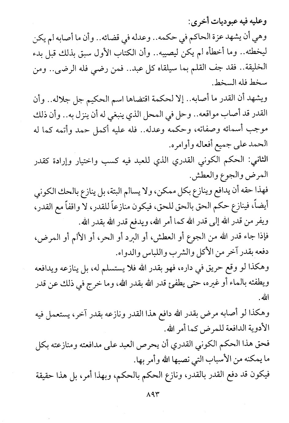 ويشهد أن القدر ما أصابه .. إلا لحكمة اقتضاها اسم الحكيم جل جلاله .. وأن القدر قد أصاب مواقعه .. وحل في المحل الذي ينبغي له أن ينزل به .. وأن ذلك موجب أسمائه وصفاته، وحكمه وعدله .. فله عليه أكمل حمد وأتمه كما له الحمد على جميع أفعاله وأوامره.
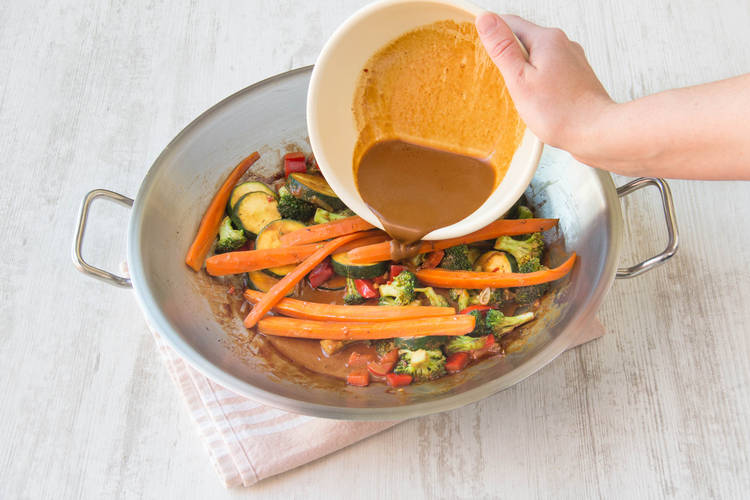 1 EL Öl in einer großen Pfanne (oder Wok) erhitzen. Sobald das Öl leicht raucht, Brokkoli, Karotte, Paprika und Zucchini 3–6 Min. darin anbraten. Weißen Teil der Frühlingszwiebeln dazugeben und ca. 2 Min. mitbraten. Sobald das Gemüse die gewünschte Konsistenz hat, mit der Kokosnuss-Erdnuss-Soße ablöschen und 2 weitere Min. einköcheln lassen.
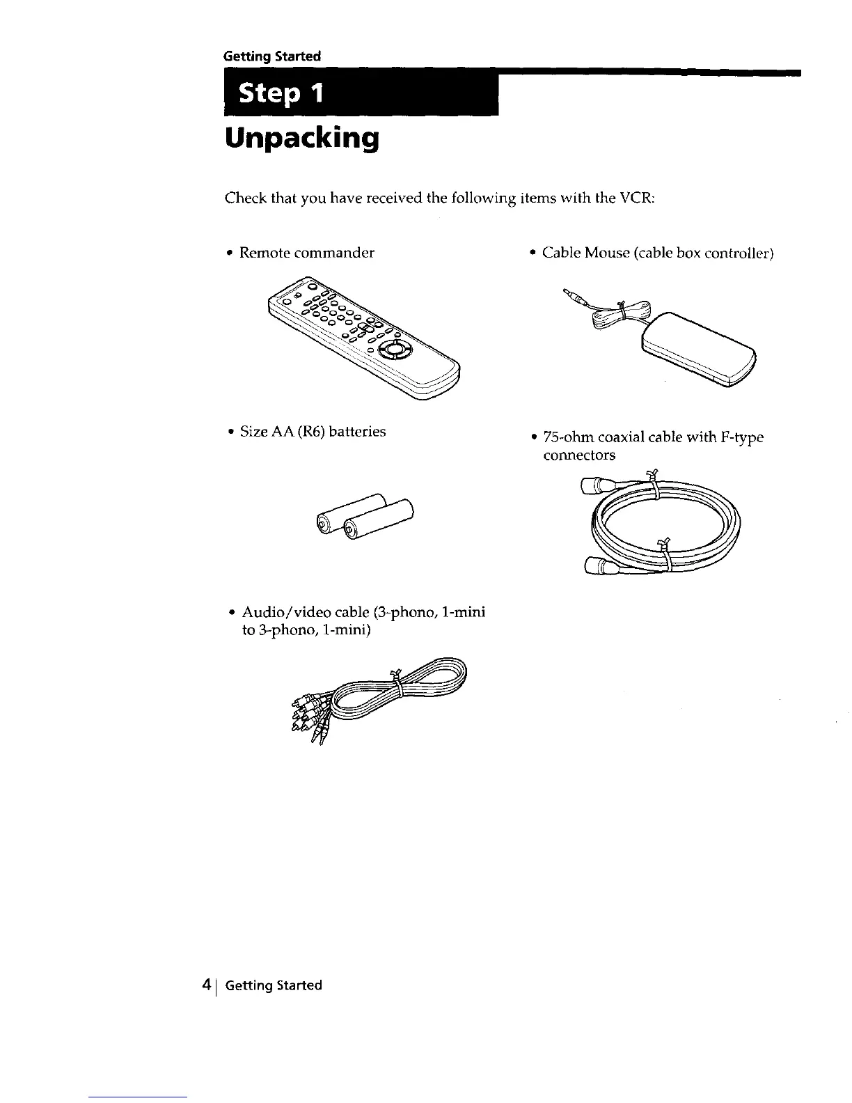 Sony SLV-792HF - Getting Started; Step 1: Unpacking
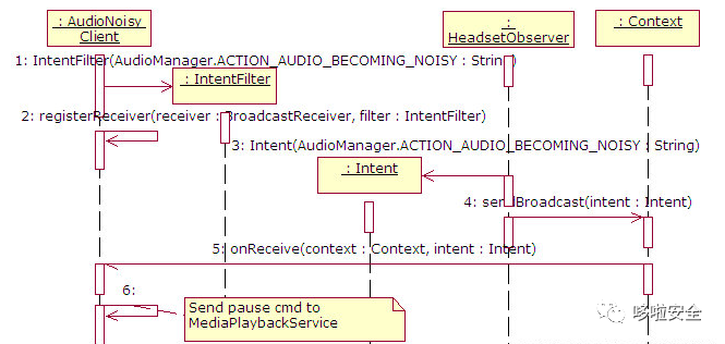 HeadsetObserver一直在监视耳机状态的变化。检测到耳机被拔出之后,发出广播AudioManager.ACTION_AUDIO_BECOMING_NOISY
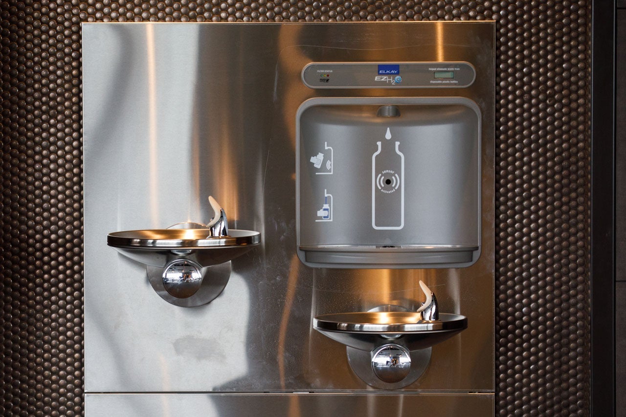 As requested from my post in the TPG Lounge there are indeed refillable water bottle stations.
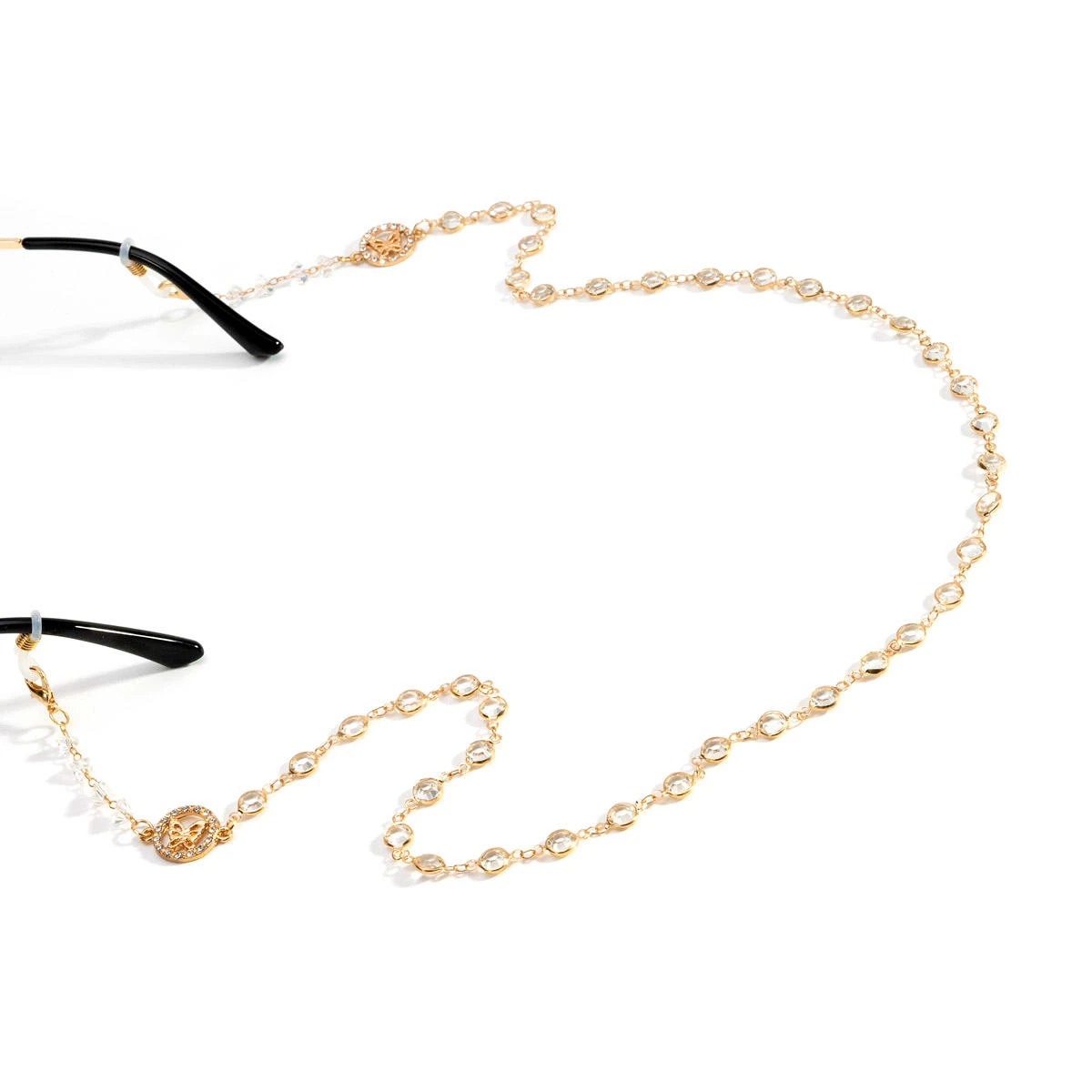 Mirha is a gold eyeglass chain. Crystals on the chain are gorgeous and shining. With butterflies elements on the chain, the Mirha is lovely and fine. At the first sight, you will be surprised by its clear and refreshing look.
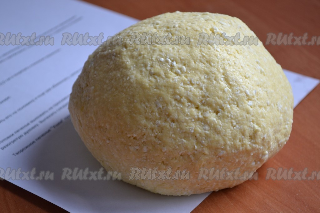 Сливочное масло растопить (я растопила в микроволновке), дать ему немного остыть. В объёмной ёмкости смешать творог, сахар, растопленное (не горячее) сливочное масло и яйцо. Массу очень хорошо растереть при помощи вилки. Частями всыпая муку, замесить мягкое, не липнущее к ладоням тесто. Завернуть тесто в пищевую плёнку и поместить в холодильник на 30 минут.
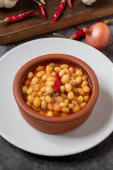 Gorący turecki gulasz fasolowy na niebieskim tle. Fasola ispir gotowana w zapiekance - Kuru Fasulye
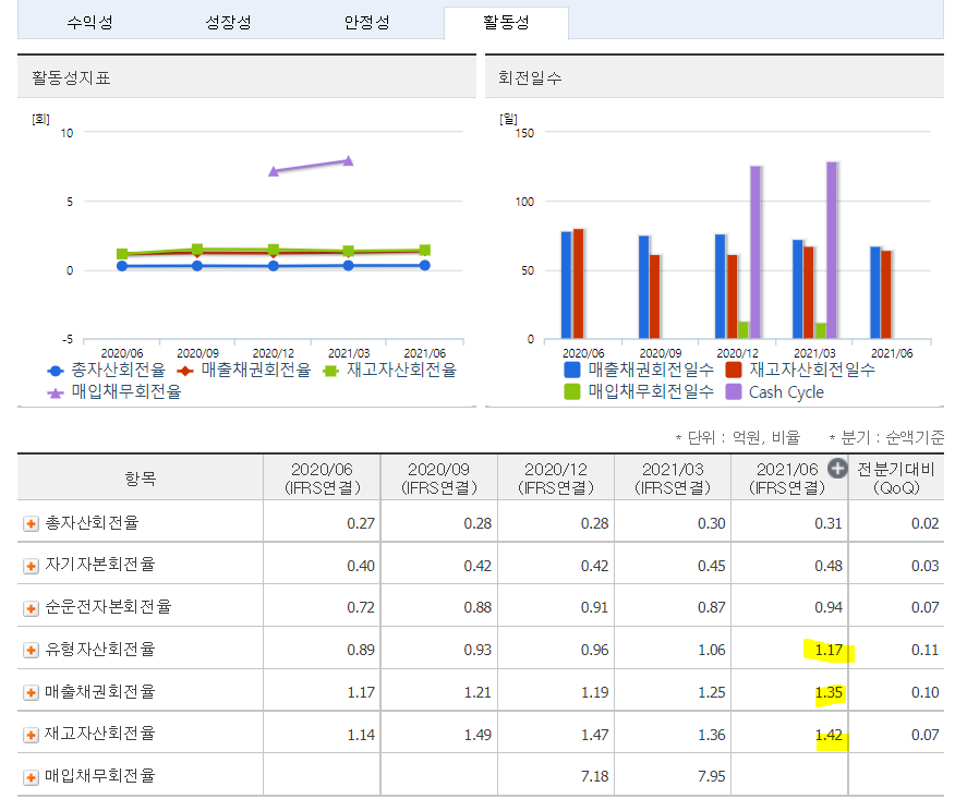 ㅡ매출채권 및 재고자산 회전율은 철강업종 평균정도 모습을 보이며, 매출채권 회전율은 상승추세를 보인다(클 수록 매출채권 회전일수가 짧아짐).
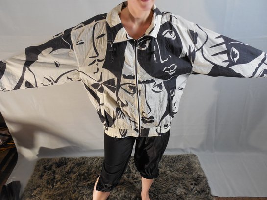 New York Girl - Art Deco / Mid Century Modern Print - Rain Coat - Marked Size Large

* * *

Copy the data above word for word. Pictures stay out.

 ويشهد أن القدر ما أصابه .. إلا لحكمة اقتضاها اسم الحكيم جل جلاله .. وأن القدر قد أصاب مواقعه .. وحل في المحل الذي ينبغي له أن ينزل به .. وأن ذلك موجب أسمائه وصفاته، وحكمه وعدله .. فله عليه أكمل حمد وأتمه كما له الحمد على جميع أفعاله وأوامره.
 1 EL Öl in einer großen Pfanne (oder Wok) erhitzen. Sobald das Öl leicht raucht, Brokkoli, Karotte, Paprika und Zucchini 3–6 Min. darin anbraten. Weißen Teil der Frühlingszwiebeln dazugeben und ca. 2 Min. mitbraten. Sobald das Gemüse die gewünschte Konsistenz hat, mit der Kokosnuss-Erdnuss-Soße ablöschen und 2 weitere Min. einköcheln lassen.
 Sony SLV-792HF - Getting Started; Step 1: Unpacking
 HeadsetObserver一直在监视耳机状态的变化。检测到耳机被拔出之后,发出广播AudioManager.ACTION_AUDIO_BECOMING_NOISY
 As requested from my post in the TPG Lounge there are indeed refillable water bottle stations.
 Mirha is a gold eyeglass chain. Crystals on the chain are gorgeous and shining. With butterflies elements on the chain, the Mirha is lovely and fine. At the first sight, you will be surprised by its clear and refreshing look.
 Сливочное масло растопить (я растопила в микроволновке), дать ему немного остыть. В объёмной ёмкости смешать творог, сахар, растопленное (не горячее) сливочное масло и яйцо. Массу очень хорошо растереть при помощи вилки. Частями всыпая муку, замесить мягкое, не липнущее к ладоням тесто. Завернуть тесто в пищевую плёнку и поместить в холодильник на 30 минут.
 Gorący turecki gulasz fasolowy na niebieskim tle. Fasola ispir gotowana w zapiekance - Kuru Fasulye
 ㅡ매출채권 및 재고자산 회전율은 철강업종 평균정도 모습을 보이며, 매출채권 회전율은 상승추세를 보인다(클 수록 매출채권 회전일수가 짧아짐).
 New York Girl - Art Deco / Mid Century Modern Print - Rain Coat - Marked Size Large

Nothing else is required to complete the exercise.